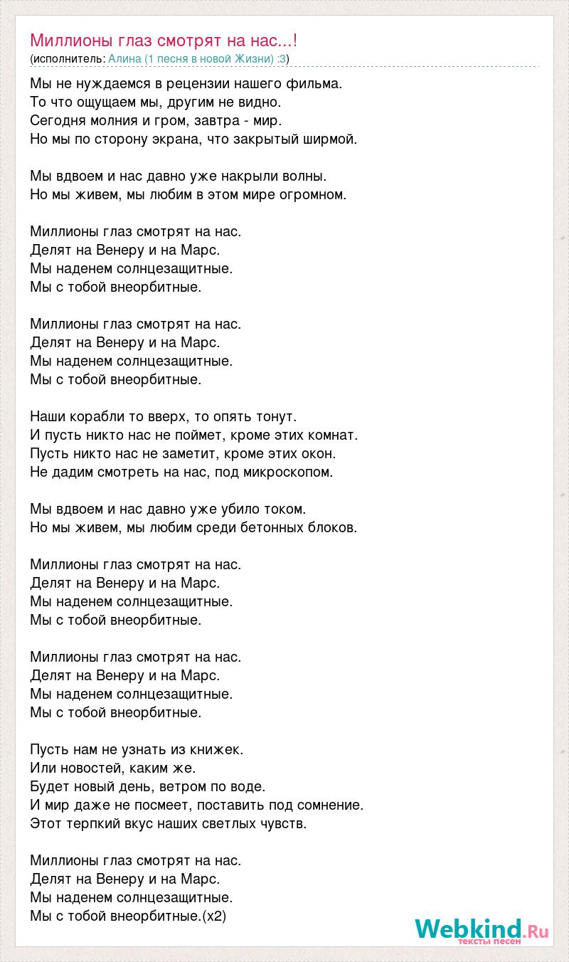 Мы не нуждаемся в рецензии нашего фильма. То что ощущаем мы, другим не видно. Сегодня молния и гром, завтра - мир. Но мы по сторону экрана, что закрытый ширмой. Мы вдвоем и нас давно уже накрыли волны. Но мы живем, мы любим в этом мире огромном. Миллионы глаз смотрят на нас. Делят на Венеру и на Марс. Мы наденем солнцезащитные. Мы с тобой внеорбитные. Миллионы глаз смотрят на нас. Делят на Венеру и на Марс. Мы наденем солнцезащитные. Мы с тобой внеорбитные. Наши корабли то вверх, то опять тонут. И пусть никто нас не поймет, кроме этих комнат. Пусть никто нас не заметит, кроме этих окон. Не дадим смотреть на нас, под микроскопом. Мы вдвоем и нас давно уже убило током. Но мы живем, мы любим среди бетонных блоков. Миллионы глаз смотрят на нас. Делят на Венеру и на Марс. Мы наденем солнцезащитные. Мы с тобой внеорбитные. Миллионы глаз смотрят на нас. Делят на Венеру и на Марс. Мы наденем солнцезащитные. Мы с тобой внеорбитные. Пусть нам не узнать из книжек. Или новостей, каким же. Будет новый день, ветром по воде. И мир даже не посмеет, поставить под сомнение. Этот терпкий вкус наших светлых чувств. Миллионы глаз смотрят на нас. Делят на Венеру и на Марс. Мы наденем солнцезащитные. Мы с тобой внеорбитные.(х2)
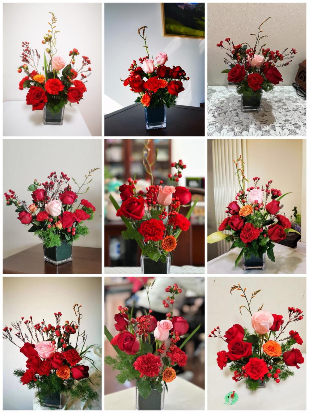 聆听了专业讲解后,线上线下的老师们沉浸于鲜花的海洋中。在玫瑰、康乃馨、火焰兰、腊梅等新鲜花材的簇拥下,老师们灵感迸发、认真创作,共同畅想春天的幸福图景。他们以巧手为笔,以鲜花为墨,精心构思,巧妙搭配,将一朵朵娇艳欲滴的花朵幻化成一件件充满春意的插花作品。在欣赏他人作品时,老师们互相交流心得,赞叹不已,从中汲取灵感,充分发挥自己的创造力,将对美的理解融入作品之中。
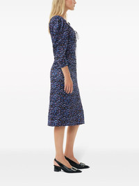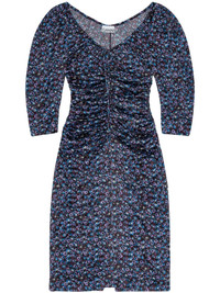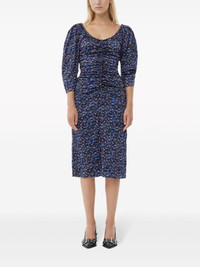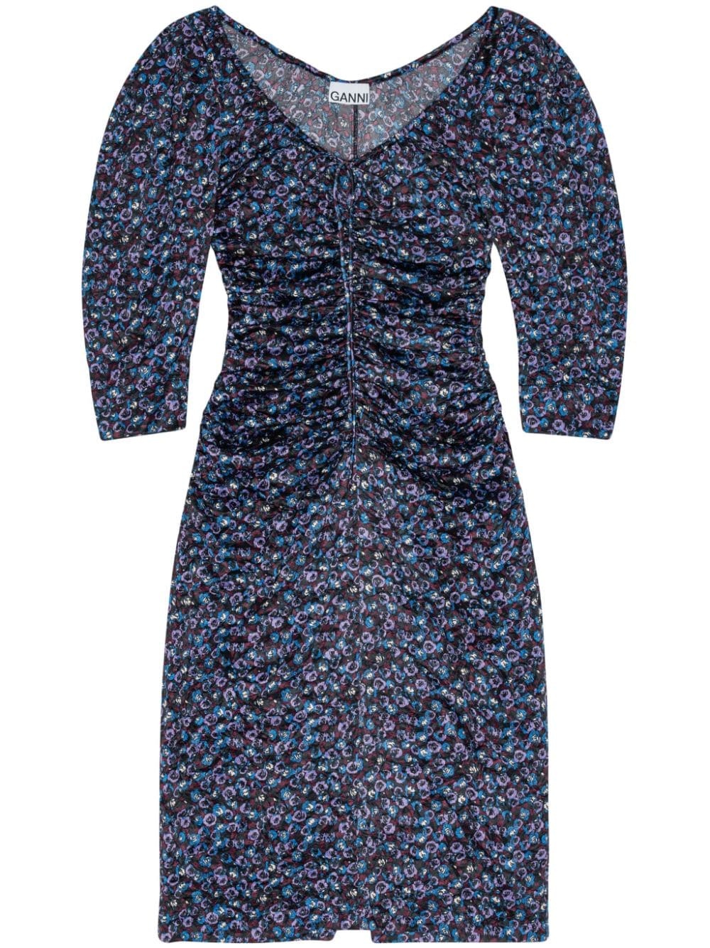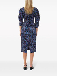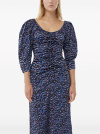 gathered satin midi dress Cut from a blend of recycled materials, Ganni's midi dress is detailed with a floral print and gathering at the bodice. Highlights - Blue/multicolour - Recycled polyester blend - Satin finish - Stretch-design - All-over floral print - Gathered detailing - U-neck - Three-quarter length sleeves - Rear zip fastening - Rear slit - Knee-length Imported Composition Recycled Polyester 95%, Elastane 5% Washing instructions Machine Wash
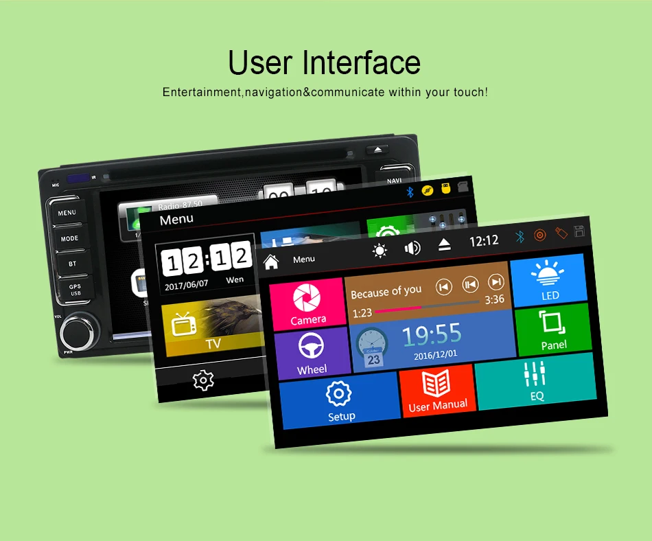 1. Особенности: dvd-плеер, MP3-плееры, Bluetooth, встроенная GPS навигация, радио тюнер, сенсорный экран, сабвуфер, задняя камера, встроенный микрофон, USB ,SD, игра, управление рулевым колесом (за исключением сиденья автомобиля. Если ваш автомобиль находится на сидении, он не поддерживает управление рулевым колесом) 2. Радио 2din 6,2 дюймов сенсорный экран Экран на тонкопленочных транзисторах на тонкоплёночных транзисторах ЖК-дисплей дисплей. Размер изделия 2 din длина 178 мм * ширина 100 мм. Посылка включает в себя рамку, добавьте Размер рамки 187*117 мм 3. Встроенный gps-навигатор, Бесплатная карта более 40 видов голосового языка GPS 4. 2 din записывающее устройство для воспроизведения DVD Совместимо с MP3,MP4,WAM,JPEG,CD,DVD-R/RW,DVD-RAM, видео 5. Автомобильный Dvd плеер радио Включают RDS. Доступна для любого рынка (Европа/Австралия/Южная Америка/Северная Америка/Россия/Япония/и т. Д.) FM частота: 75,0-108MH AM частота: 522-1620 кГц 6. 2 Din GPS более 12 видов языков: русский/английский/французский/немецкий/итальянский/испанский/португальский/арабский/Иврит/тайский/китайский/чешский язык И т. д. ........... 7. DVD Automotivo загрузки Логотип: Выберите Встроенный 50 видов авто Логотип 8. 2din автомобильный аудио опционально (требуется дополнительная оплата): цифровой телевизор, DVR, специальный кабель, датчик парковки 9. Бесплатный подарок: Задняя камера и Карта
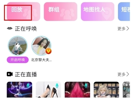 1、在首页中点击回放按钮;
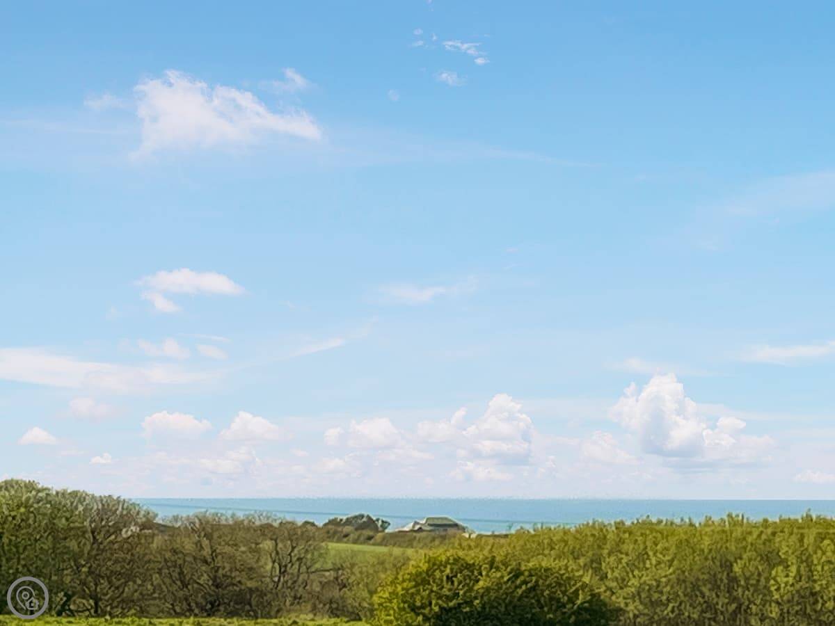 The decking outside is a good size and has a glass balustrade so the view isn’t blocked. You look out over fields and can see the sea in the distance. It’s a quiet spot.
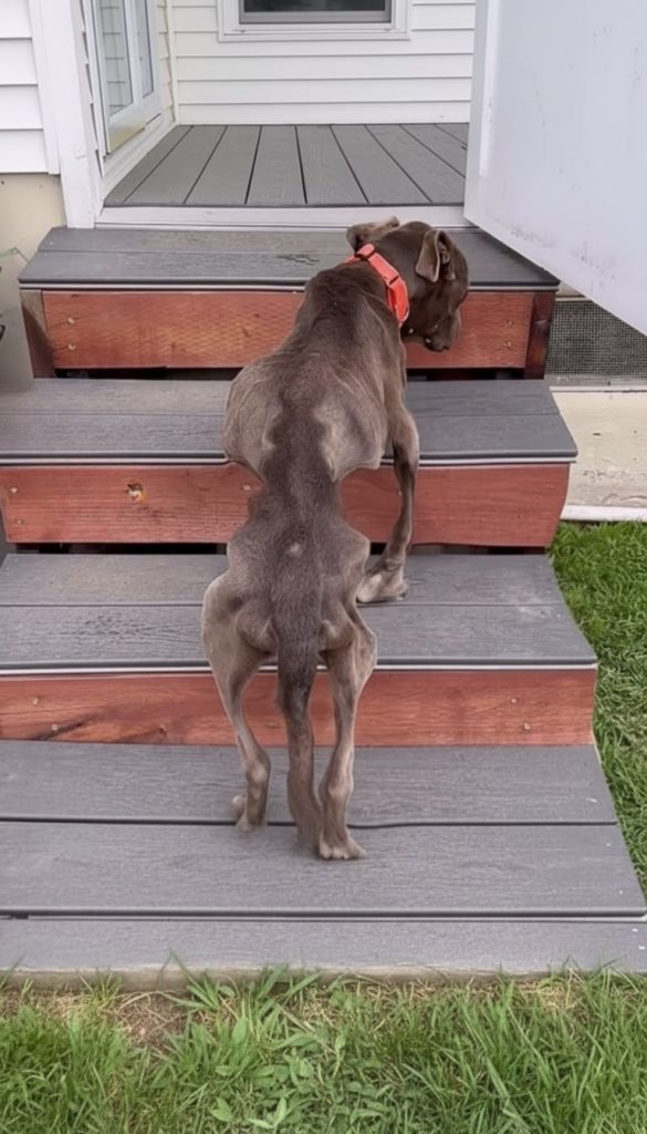 Rosie took a few hesitant steps forward, then stopped. It was clear she was fighting her own body just to remain standing. Hunger and exhaustion had drained her strength, and fear had drained her spirit. She had wandered until there was nothing left to give. Reaching that door wasn’t chance—it was courage born from desperation.
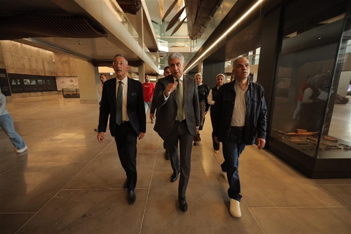 وقد رافق الوزير خلال هذه الجولات كل من الدكتور أحمد غنيم الرئيس التنفيذي لهيئة المتحف المصري الكبير، والأستاذة رنا جوهر مستشار الوزير للتواصل والعلاقات الخارجية والمُشرف العام على الإدارة العامة للعلاقات الدولية والاتفاقيات بالوزارة، والدكتور عيسى زيدان مدير عام الترميم ونقل الآثار بالمتحف.
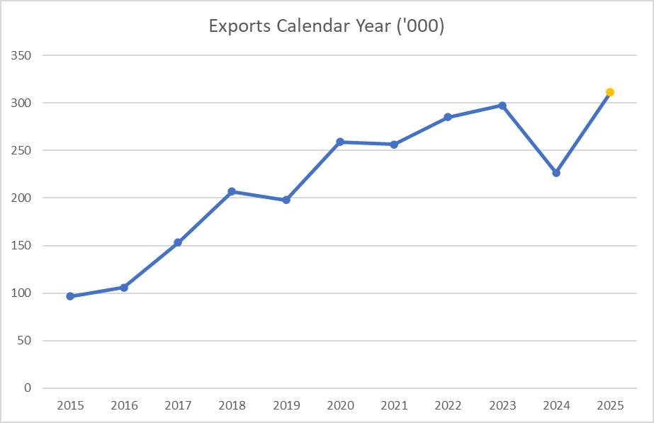 With the December figures out, we are able to analyze the whole calendar year exports:
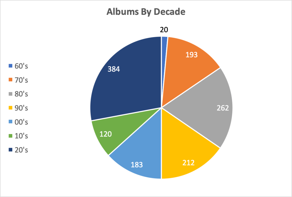 No surprise with all my new release listens, 2020 is the winning decade with 384. The next closest is probably no surprise either with the 1980’s at 262 listens.
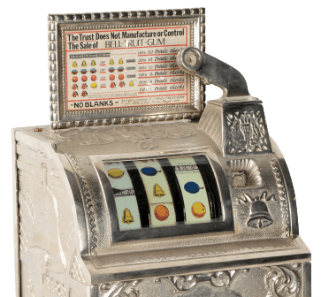 Mas, em 1907, a Industry Novelty Company descobriu como contornar essas leis sobre dinheiro. Eles transformaram suas máquinas caça-níqueis em distribuidores de chicletes! A principal mudança foi a substituição dos números das cartas de diferentes naipes por símbolos de frutas. Essa foi a primeira menção aos rolos de frutas nas máquinas caça-níqueis.

====================

» **Task statement**: Carry over each record above character for character, with the pictures left out.

» **Exercise answer**:
 Мы не нуждаемся в рецензии нашего фильма. То что ощущаем мы, другим не видно. Сегодня молния и гром, завтра - мир. Но мы по сторону экрана, что закрытый ширмой. Мы вдвоем и нас давно уже накрыли волны. Но мы живем, мы любим в этом мире огромном. Миллионы глаз смотрят на нас. Делят на Венеру и на Марс. Мы наденем солнцезащитные. Мы с тобой внеорбитные. Миллионы глаз смотрят на нас. Делят на Венеру и на Марс. Мы наденем солнцезащитные. Мы с тобой внеорбитные. Наши корабли то вверх, то опять тонут. И пусть никто нас не поймет, кроме этих комнат. Пусть никто нас не заметит, кроме этих окон. Не дадим смотреть на нас, под микроскопом. Мы вдвоем и нас давно уже убило током. Но мы живем, мы любим среди бетонных блоков. Миллионы глаз смотрят на нас. Делят на Венеру и на Марс. Мы наденем солнцезащитные. Мы с тобой внеорбитные. Миллионы глаз смотрят на нас. Делят на Венеру и на Марс. Мы наденем солнцезащитные. Мы с тобой внеорбитные. Пусть нам не узнать из книжек. Или новостей, каким же. Будет новый день, ветром по воде. И мир даже не посмеет, поставить под сомнение. Этот терпкий вкус наших светлых чувств. Миллионы глаз смотрят на нас. Делят на Венеру и на Марс. Мы наденем солнцезащитные. Мы с тобой внеорбитные.(х2)
 聆听了专业讲解后,线上线下的老师们沉浸于鲜花的海洋中。在玫瑰、康乃馨、火焰兰、腊梅等新鲜花材的簇拥下,老师们灵感迸发、认真创作,共同畅想春天的幸福图景。他们以巧手为笔,以鲜花为墨,精心构思,巧妙搭配,将一朵朵娇艳欲滴的花朵幻化成一件件充满春意的插花作品。在欣赏他人作品时,老师们互相交流心得,赞叹不已,从中汲取灵感,充分发挥自己的创造力,将对美的理解融入作品之中。
 gathered satin midi dress Cut from a blend of recycled materials, Ganni's midi dress is detailed with a floral print and gathering at the bodice. Highlights - Blue/multicolour - Recycled polyester blend - Satin finish - Stretch-design - All-over floral print - Gathered detailing - U-neck - Three-quarter length sleeves - Rear zip fastening - Rear slit - Knee-length Imported Composition Recycled Polyester 95%, Elastane 5% Washing instructions Machine Wash
 1. Особенности: dvd-плеер, MP3-плееры, Bluetooth, встроенная GPS навигация, радио тюнер, сенсорный экран, сабвуфер, задняя камера, встроенный микрофон, USB ,SD, игра, управление рулевым колесом (за исключением сиденья автомобиля. Если ваш автомобиль находится на сидении, он не поддерживает управление рулевым колесом) 2. Радио 2din 6,2 дюймов сенсорный экран Экран на тонкопленочных транзисторах на тонкоплёночных транзисторах ЖК-дисплей дисплей. Размер изделия 2 din длина 178 мм * ширина 100 мм. Посылка включает в себя рамку, добавьте Размер рамки 187*117 мм 3. Встроенный gps-навигатор, Бесплатная карта более 40 видов голосового языка GPS 4. 2 din записывающее устройство для воспроизведения DVD Совместимо с MP3,MP4,WAM,JPEG,CD,DVD-R/RW,DVD-RAM, видео 5. Автомобильный Dvd плеер радио Включают RDS. Доступна для любого рынка (Европа/Австралия/Южная Америка/Северная Америка/Россия/Япония/и т. Д.) FM частота: 75,0-108MH AM частота: 522-1620 кГц 6. 2 Din GPS более 12 видов языков: русский/английский/французский/немецкий/итальянский/испанский/португальский/арабский/Иврит/тайский/китайский/чешский язык И т. д. ........... 7. DVD Automotivo загрузки Логотип: Выберите Встроенный 50 видов авто Логотип 8. 2din автомобильный аудио опционально (требуется дополнительная оплата): цифровой телевизор, DVR, специальный кабель, датчик парковки 9. Бесплатный подарок: Задняя камера и Карта
 1、在首页中点击回放按钮;
 The decking outside is a good size and has a glass balustrade so the view isn’t blocked. You look out over fields and can see the sea in the distance. It’s a quiet spot.
 Rosie took a few hesitant steps forward, then stopped. It was clear she was fighting her own body just to remain standing. Hunger and exhaustion had drained her strength, and fear had drained her spirit. She had wandered until there was nothing left to give. Reaching that door wasn’t chance—it was courage born from desperation.
 وقد رافق الوزير خلال هذه الجولات كل من الدكتور أحمد غنيم الرئيس التنفيذي لهيئة المتحف المصري الكبير، والأستاذة رنا جوهر مستشار الوزير للتواصل والعلاقات الخارجية والمُشرف العام على الإدارة العامة للعلاقات الدولية والاتفاقيات بالوزارة، والدكتور عيسى زيدان مدير عام الترميم ونقل الآثار بالمتحف.
 With the December figures out, we are able to analyze the whole calendar year exports:
 No surprise with all my new release listens, 2020 is the winning decade with 384. The next closest is probably no surprise either with the 1980’s at 262 listens.
 Mas, em 1907, a Industry Novelty Company descobriu como contornar essas leis sobre dinheiro. Eles transformaram suas máquinas caça-níqueis em distribuidores de chicletes! A principal mudança foi a substituição dos números das cartas de diferentes naipes por símbolos de frutas. Essa foi a primeira menção aos rolos de frutas nas máquinas caça-níqueis.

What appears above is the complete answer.